#### [Exercise]
Print the records below exactly, from the line containing "Serving Size1.00 pack- Amount" down to the line containing "Description: Mercedes tried", both lines included, and omit every picture.

Data for review below:

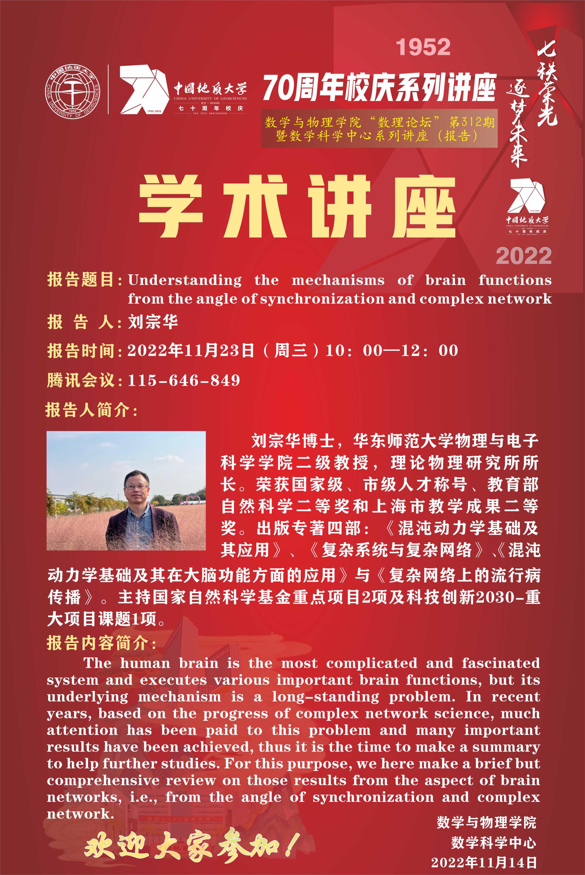 "数理论坛"第312期暨数学科学中心系列讲座(报告):Understanding the mechanisms of brain functions from the angle of synchronization and complex network
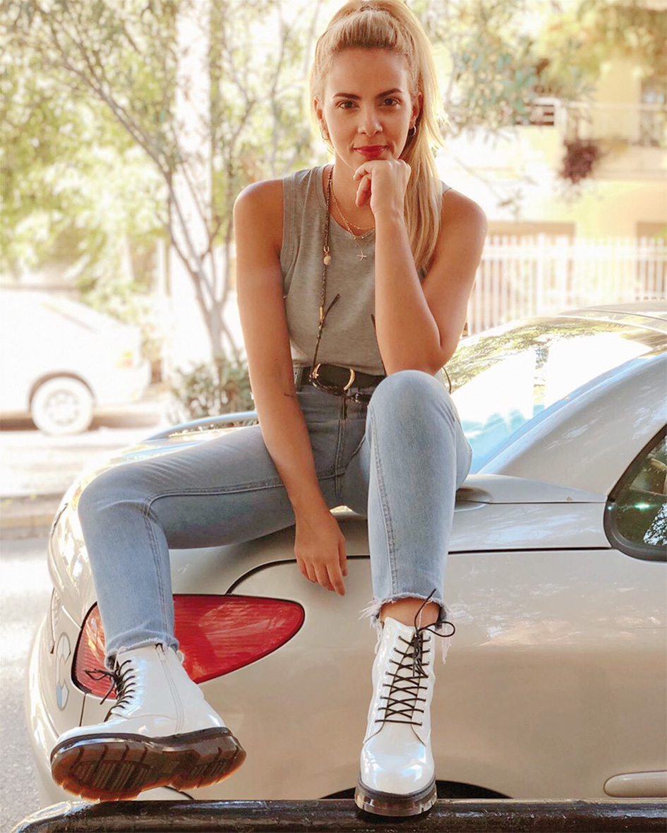 Το ξανθό είναι πολύ δύσκολο χρώμα. Τα προσέχω πάρα πολύ γιατί τα βάφω κάθε ενάμιση μήνα και κάνω ανταύγειες κάθε έξι. Από τα 18 μου μάλιστα έχω τον ίδιο κομμωτή. Αυτό που κάνω τα τελευταία χρόνια και πιστεύω βοηθά πολύ στο να διατηρούνται υγιή είναι να μην κάνω re-styling καθημερινά. Γνωρίζω ότι το να κάνεις νέο χτένισμα σε ήδη στιλιζαρισμένα μαλλιά χωρίς να τα λούσεις προκαλεί μεγάλη φθορά, οπότε προτιμώ κάποιο πιάσιμο, έναν κότσο ή ακόμα και wet look. Επίσης, σε κάθε λούσιμο εφαρμόζω οπωσδήποτε μάσκα.
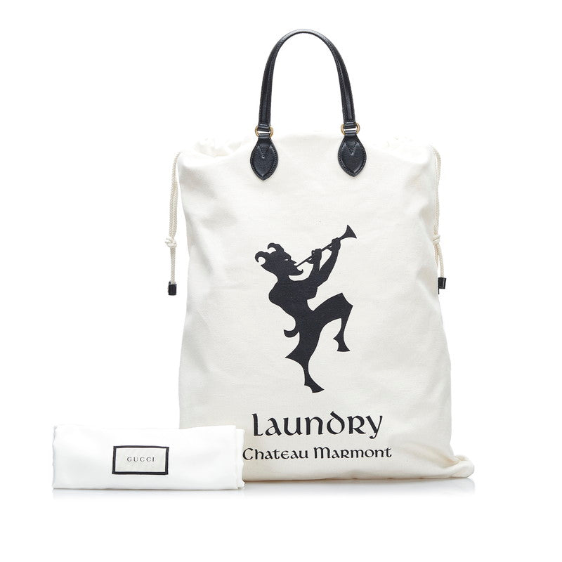 グッチ シャトーマーモント ドローストリングス ハンドバッグ トートバッグ 552403 ホワイト キャンバス レザー レディース GUCCI 【中古】
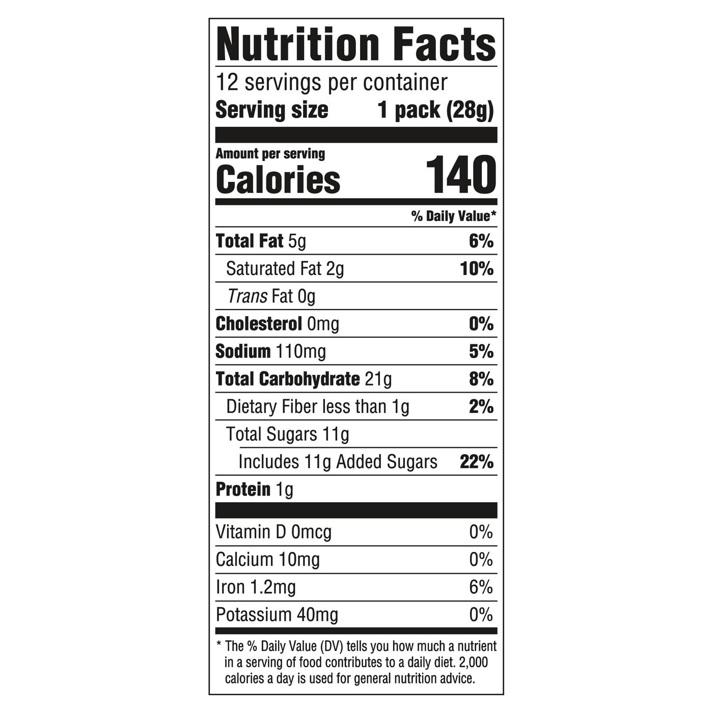 Serving Size1.00 pack- Amount Per ServingCalories130
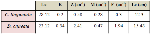 Les valeurs du taux d’exploitation indiquent un état de surexploitation pour D. cuneata, alors que pour C. linguatula cette valeur reflète une situation d’exploitation équilibrée de sa pêche, diagnostic à compléter par l’utilisation des modèles d’exploitation.
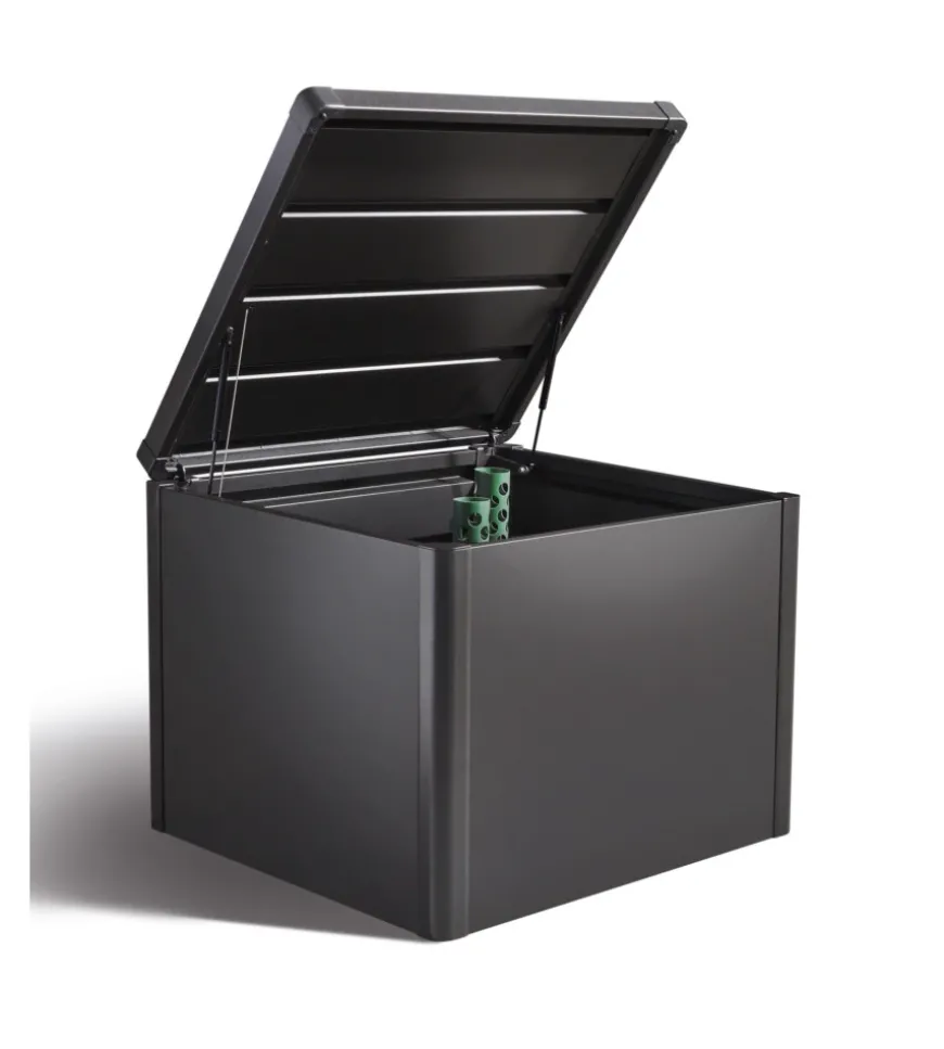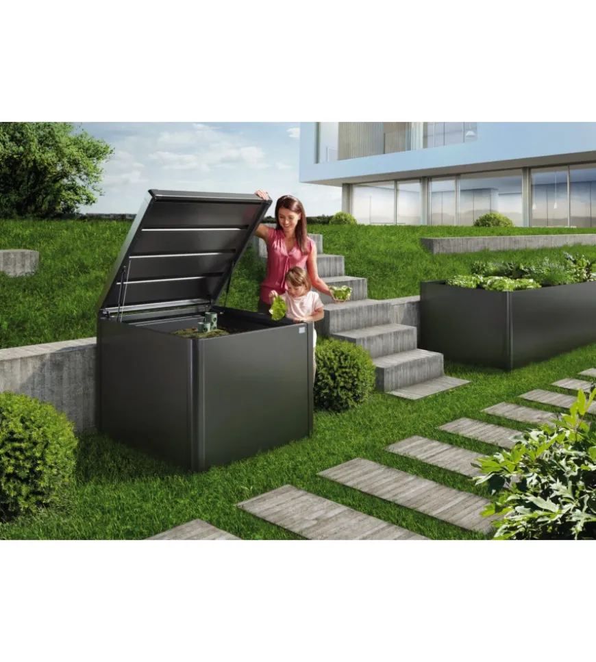La compostiera “Monami” di Biohort combina eleganza con funzionalità: all’esterno superfici lisce e all’interno due tubi di aerazione posizionati al centro per garantire un ottimo processo di decomposizione e un tiraggio sicuro al di sotto del coperchio per il trasporto del calore al di fuori.
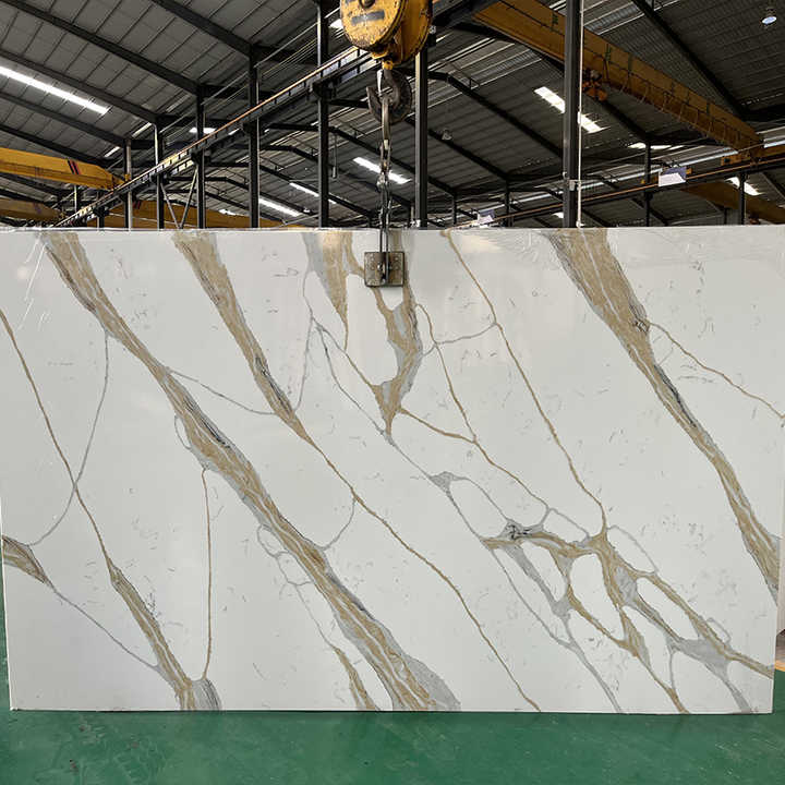 หิน GOLDTOP ODM/OEM ควอตซ์สังเคราะห์ 5072 Calacatta Stella แผ่นใหญ่สำหรับเคาน์เตอร์ทันสมัย พื้น โต๊ะ ท็อปในร่ม และท็อปห้องน้ำ
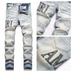 高版AM外贸风格朋克复古蓝破洞修身弹力印花印染小脚男式牛仔裤潮
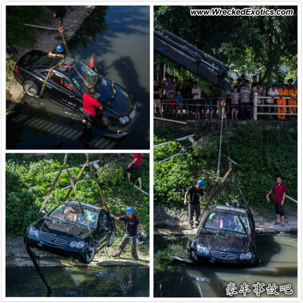 Description: Mercedes tried to dodge electric bikes, but ended up in a sewer ditch.
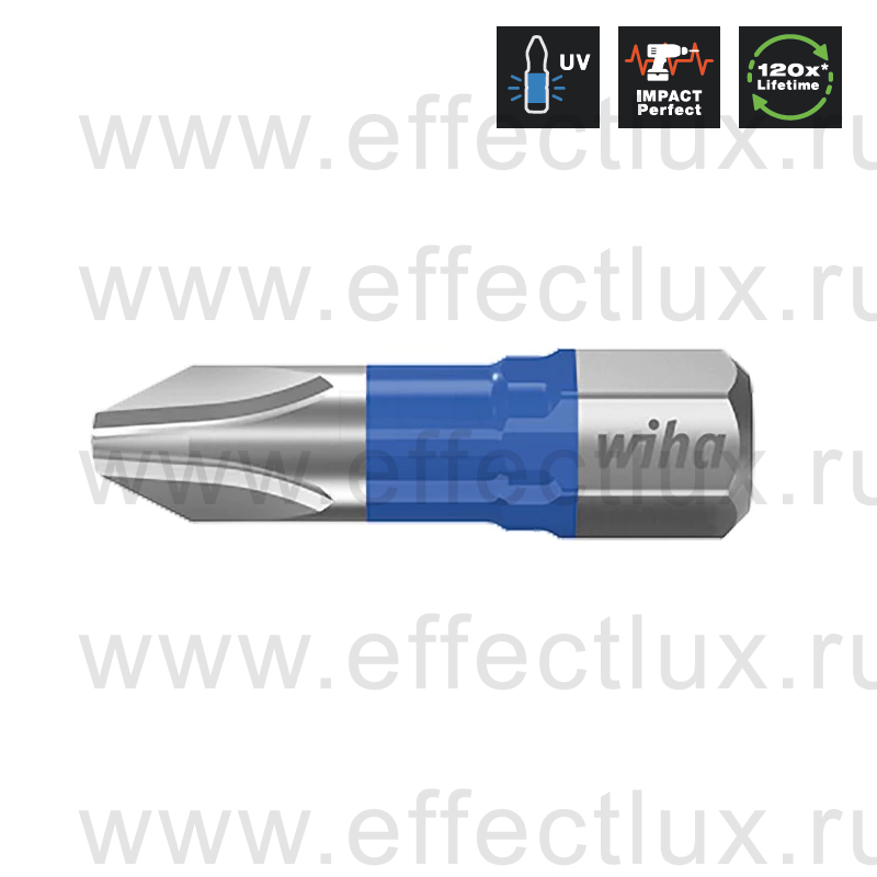 Пластиковая оболочка на торсионной зоне светится в UV-лучах, что облегчает поиск биты. Увеличенный до 120 раз срок службы (по сравнению со стандартными битами Wiha).
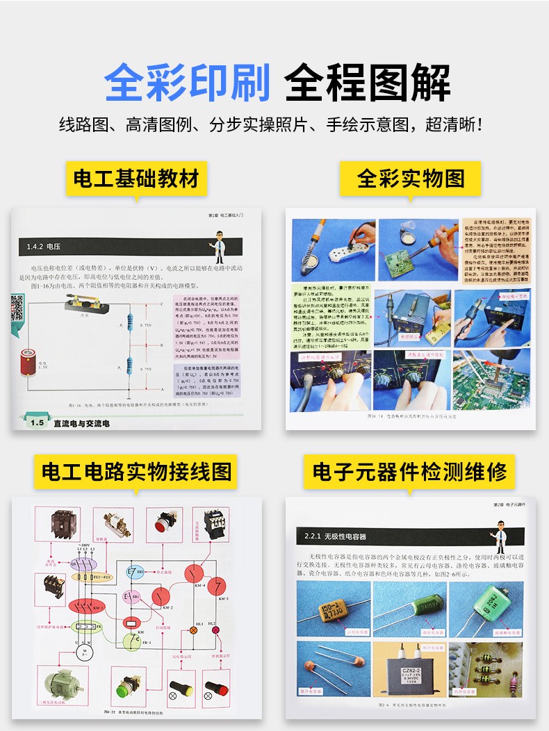 本書對電工知識的講解全面詳細,理論和實踐操作相結合,內容由淺入深,語言通俗易懂,全書內容彩色圖解,層次分明,重點突出,非常方便讀者學習。

End of Data for review.

#### [Output of the task]
 Serving Size1.00 pack- Amount Per ServingCalories130
 Les valeurs du taux d’exploitation indiquent un état de surexploitation pour D. cuneata, alors que pour C. linguatula cette valeur reflète une situation d’exploitation équilibrée de sa pêche, diagnostic à compléter par l’utilisation des modèles d’exploitation.
La compostiera “Monami” di Biohort combina eleganza con funzionalità: all’esterno superfici lisce e all’interno due tubi di aerazione posizionati al centro per garantire un ottimo processo di decomposizione e un tiraggio sicuro al di sotto del coperchio per il trasporto del calore al di fuori.
 หิน GOLDTOP ODM/OEM ควอตซ์สังเคราะห์ 5072 Calacatta Stella แผ่นใหญ่สำหรับเคาน์เตอร์ทันสมัย พื้น โต๊ะ ท็อปในร่ม และท็อปห้องน้ำ
 高版AM外贸风格朋克复古蓝破洞修身弹力印花印染小脚男式牛仔裤潮
 Description: Mercedes tried to dodge electric bikes, but ended up in a sewer ditch.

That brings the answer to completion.